Lorenza Feliciani was his wife, but she railed at him for keeping her a prisoner, and a slave, and envied the fate of wild birds.
It was clear that this frail and irritable creature took a large place in his bosom if not in his life.
“Lorenza,” he softly pleaded, “why do you, my darling, show this hostility and resistance? Why will you not live with one who loves you beyond expression as a sweet and devoted wife? Then would you have nothing farther to long for, free to bloom in the sunshine like the flowers and spread your wings like the birds you envy. We might go about in company where the fictitious sun, artificial light, glows on the assemblies of society. You would be happy according to your tastes and make me happy in my own way. Why will you not partake of this pleasure, Lorenza, when you have beauty to make all women jealous?”
“Because you horrify me – you are not religious, and you work your will by the black art!” replied the woman haughtily.
“Then live as you condemn yourself,” he replied with a look of anger and pity; “and do not complain at what your pride earns you.”
“I should not complain if you would only leave me alone and not force me to speak to you. Let me die in my cage, for I will not sing to you.”
“You are mad,” said Balsamo with an effort and trying to smile; “for you know that you shall not die while I am at hand to guard and heal you.”
“You will not heal me on the day when you find me hanging at my window bars,” she screamed.
He shuddered.
“Or stabbed to the heart by this dagger.”
Pale and perspiring icily, Balsamo looked at the exasperated female, and replied in a threatening voice:
“You are right; I should not cure you, but I would revive you!”

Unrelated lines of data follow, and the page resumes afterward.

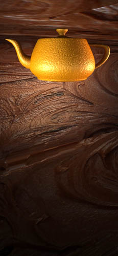 Fondo de chocolate al 90% de cacao amargo, sobre tetera de naranja valenciana.Precisamente. Participad en el reto de la tetera sobre fondo soso.
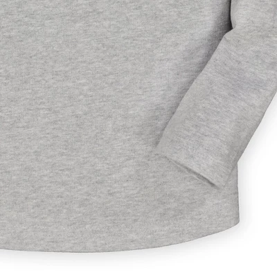 - Henley placket with matte pearlized buttons.
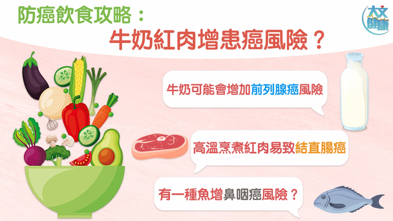 各種證據一致認為乳製品、牛奶、奶酪和膳食鈣的攝取量增加,結直腸癌的風險降低(強證據),乳腺癌的風險也可能降低(有限證據),但前列腺癌的風險可能會增加(有限證據)。

The Italian woman uttered a shriek of terror for knowing there was no bounds to the magician’s powers – she believed this – and he was saved.

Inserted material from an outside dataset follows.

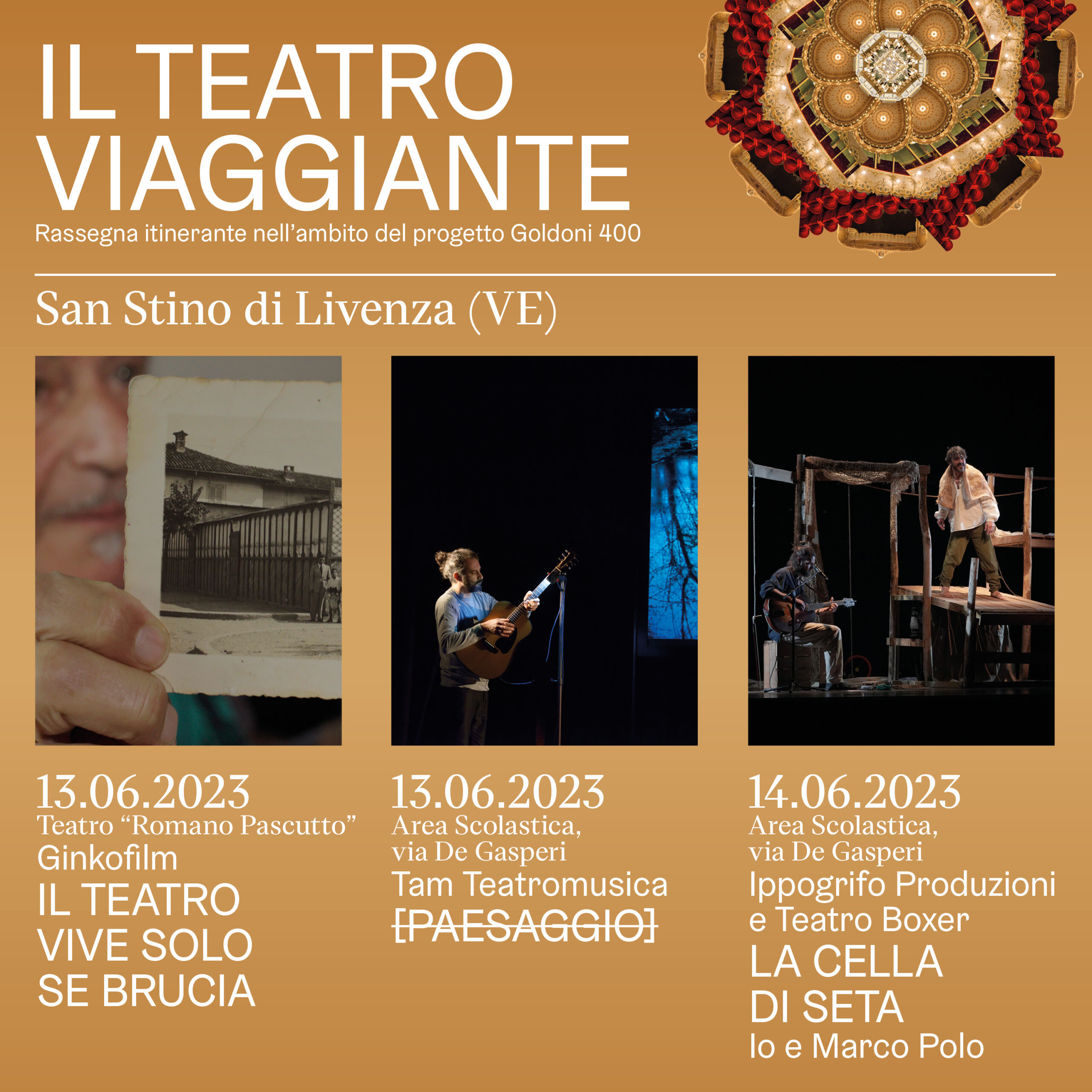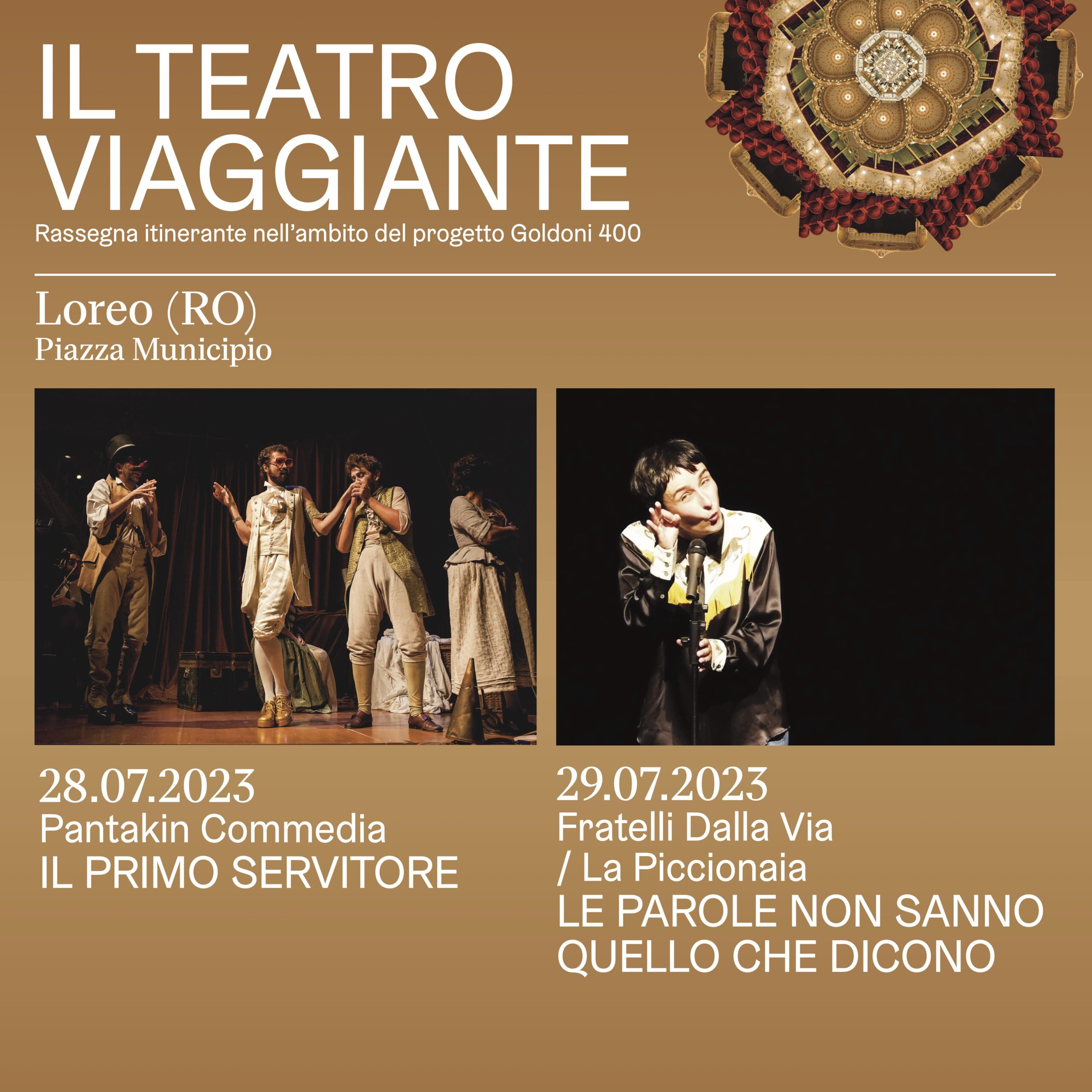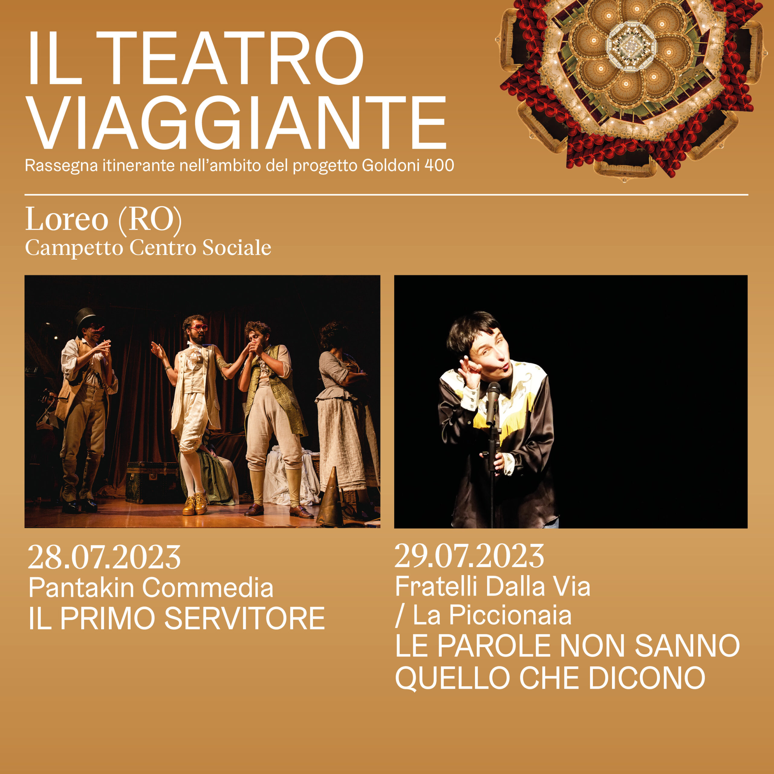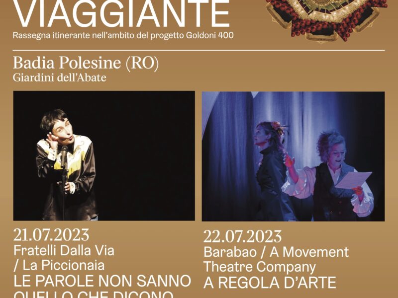 A otto mesi dall’inizio delle celebrazioni per i 400 anni del Teatro Goldoni di Venezia, il progetto “Goldoni 400” si arricchisce con Il Teatro Viaggiante. Un cartellone teatrale diffuso che, nell’ambito del programma triennale promosso dal Teatro Stabile del Veneto – Teatro Nazionale assieme al Circuito Multidisciplinare Regionale Arteven, al Comune di Venezia e alla Regione del Veneto, toccherà dal 13 giugno al 29 luglio 14 comuni del Veneto di tutte e 7 le province, per un totale di 28 spettacoli.

A bell rang three times and at equal intervals.
“My man Fritz,” said Balsamo, “notifying me that a messenger is here – in haste – ”

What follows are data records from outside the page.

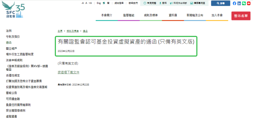 早在2023年12月22日,香港证监会官网便已公布《有关证监会认可的涉及虚拟资产的基金的通告》,正式宣布准备接受现货虚拟资产ETF申请,并且明确指出对于被准许在持牌交易平台交易的虚拟资产(如比特币,以太坊),持牌机构可发行与管理对应的现货ETF,并在持牌交易平台或受认可的财务机构以实物和现金两种方式进行认购和赎回。
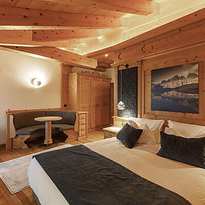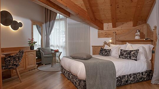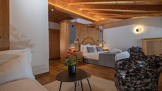 Die Junior-Suiten bieten nicht nur mehr Platz, sondern auch mehr Komfort. Diese Zimmer sind in der Tat im Bergstil eingerichtet, haben einen Balkon und sind für 2/3...
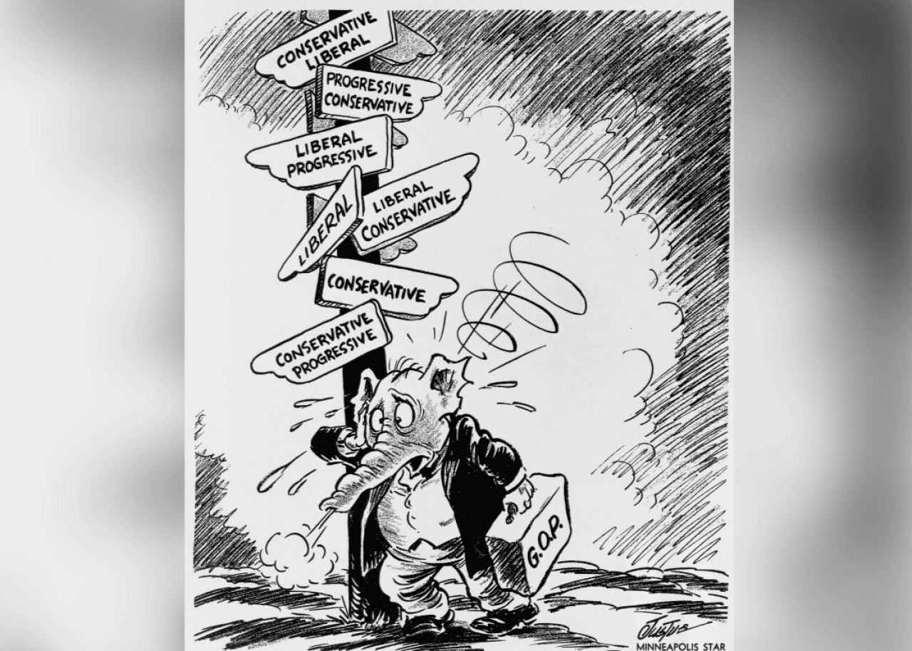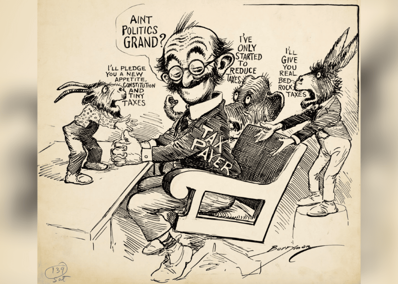 “Ain’t Politics Grand?” depicts the fight Democrats, the GOP, and Progressives were having in 1924. The cartoon shows three animals representing three factions, while the taxpayer sits in the middle, marveling.
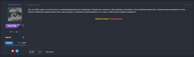 Увы, если GPU «завис» на этой частоте, то проблема вероятнее всего аппаратная. Токовый шунт отвалился, либо проблемы с датчиками. Так же, проблема может быть в блоке питания и мосфетах на плате.
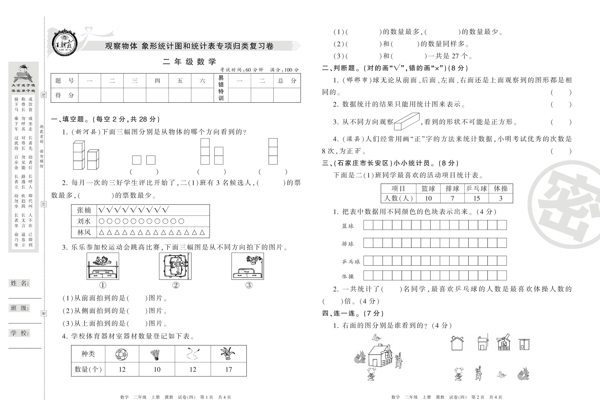 王朝霞期末专项卷二年级上册数学(冀教版)【4】
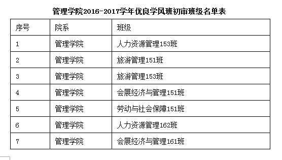 根据《成都信息工程学院关于进一步加强学风建设的实施意见》(成信校发[2016]107号)和《William希尔“优良学风班”、“十佳学风班”评选办法》(成信校发[2016]108号)文件精神和要求,经各班自主申报,辅导员审核,学院评审工作小组开会研究决定,同意2015级人力资源管理3班、2015级旅游管理1班、2015级旅游管理3班、2015级会展经济与管理1班、2015级劳动与社会保障1班、2016级人力资源管理2班、2016级会展经济与管理1班获评2016-2017学年优良学风班,具体名单详见《2016-2017学年优良学风班初审班级名单表》。如对公示情况有任何异议,请于2017年12月10日下午3点前与英国威廉集团联系。联系人:杨妮丹,联系电话:84833385。
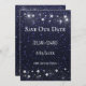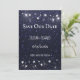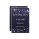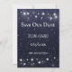 Personalisieren Sie eine einmalige Hochzeitsankündigung mit einer Starry Night Save the Date. Das Design der Ankündigung bietet einen Nachthimmel mit weißen Sternen und Text, den Sie mit Ihren Hochzeitsdaten personalisieren können. Zusätzliche Ankündigung Datum freihalten für dieses Design in verschiedenen Farben verfügbar.

“Good, at last you are going to leave me,” said Lorenza spitefully.
“Once again,” he responded, taking her cold hand, “but for the last time. Let us dwell in pleasant union; for as fate has joined us, let us make fate our friend, not an executioner.”
She answered not a word; her dead and fixed eyes seemed to seek in vacancy some thought which constantly escaped her because she had too long sought it, as the sun blinds those who wish to see the very origin of the light. He kissed her hand without her giving any token of life. As then he walked over to the fireplace, she awoke from her torper and let her gaze fall greedily upon him.
“Ha, ha,” he said, “you want to know how I leave these issueless rooms so that you may escape some day and do me harm, and my brothers of the Masonic Order by revelations. That is why you are so wide awake.”
But extending his hands, with painful constraint on himself, he made a pass while darting the magnetic fluid from palm and eye upon her eyes and breast, saying imperatively:
“Sleep!”
Scarcely was the word pronounced before Lorenza bent like a lily on its stalk; her swinging head inclined and leaned on the sofa cushions; her dead white hands slid down by her sides, rustling her silky dress.
Seeing how beautiful she was, Balsamo went up to her and placed a kiss on her brow.
Thereupon her whole countenance brightened up, as if the breath from Love’s own lips had dispelled the cloud; her mouth tremulously parted, her eyes swam in voluptuous tears, and she sighed like those angels may have sighed for the sons of man, when the world was young.
For an instant the mesmerist contemplated her as one unable to break off his ecstasy but as the bell rang again, he sprang to the fireplace, touched a spring to make the black plate swing aside like a door and so entered the house in Saint Claude Street.